━━━ PROVIDED MATERIAL ━━━
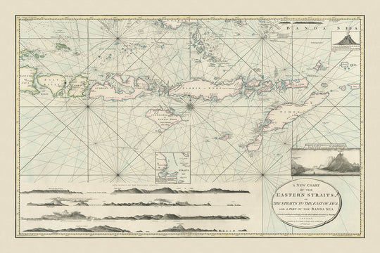 - Vues insets : Représentations des détroits de Larantooca et d'une île volcanique dans la mer de Banda.
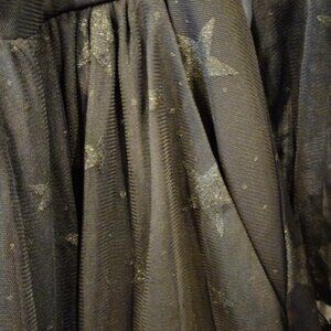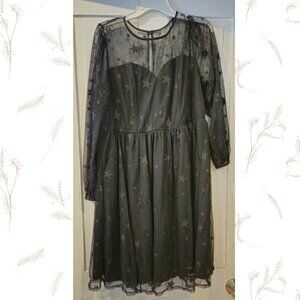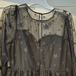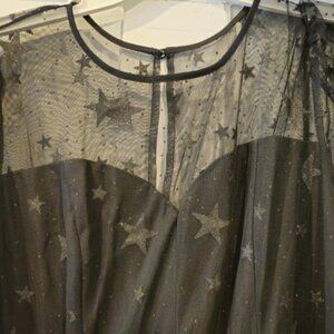 Super cute black Torrid dress, brand new with tags, size 14. The mesh has sweetheart illusion neckline, with a star print all over. Zippers up in the back. Midi length.
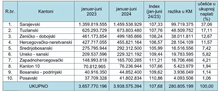 (Patria) - Porezna uprava Federacije BiH obavještava javnost da su porezni obveznici Federacije BiH u periodu januar – juni 2024. godine uplatili 3.938.575.394 KM javnih prihoda, što je u odnosu na januar – juni 2023. godine više za 280.805.199 KM, ili za 7,68%.
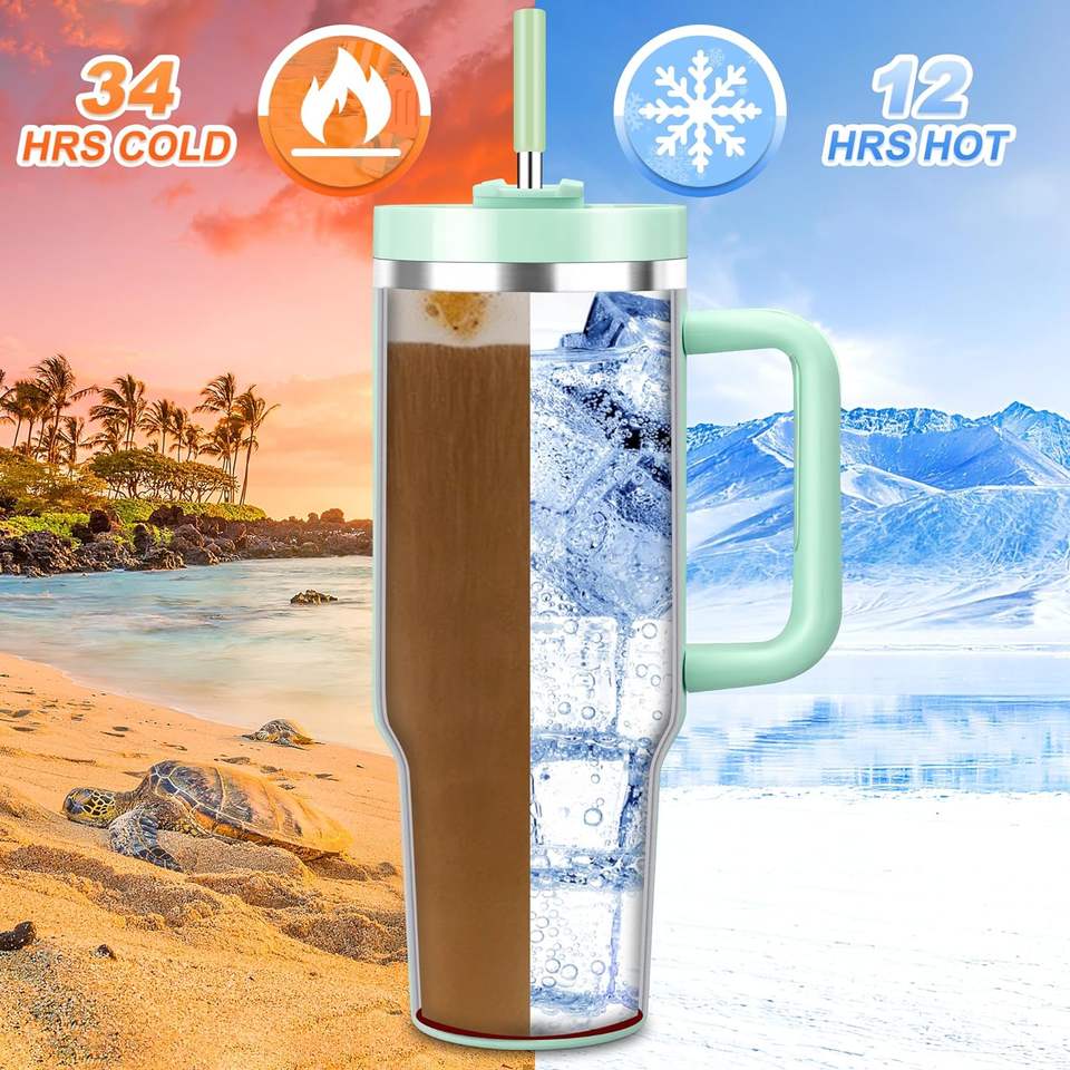 Gran oferta, vaso con asa de aventura de 40 OZ con asa y pajita, taza de viaje reutilizable al vacío, nuevo diseño en Stock
━━━
*WORK TO BE COMPLETED:*
Start at the first line and set down all of the data exactly, passing over the pictures.

*SOLUTION FOR THIS EXERCISE:*
 - Vues insets : Représentations des détroits de Larantooca et d'une île volcanique dans la mer de Banda.
 Super cute black Torrid dress, brand new with tags, size 14. The mesh has sweetheart illusion neckline, with a star print all over. Zippers up in the back. Midi length.
 (Patria) - Porezna uprava Federacije BiH obavještava javnost da su porezni obveznici Federacije BiH u periodu januar – juni 2024. godine uplatili 3.938.575.394 KM javnih prihoda, što je u odnosu na januar – juni 2023. godine više za 280.805.199 KM, ili za 7,68%.
 Gran oferta, vaso con asa de aventura de 40 OZ con asa y pajita, taza de viaje reutilizable al vacío, nuevo diseño en Stock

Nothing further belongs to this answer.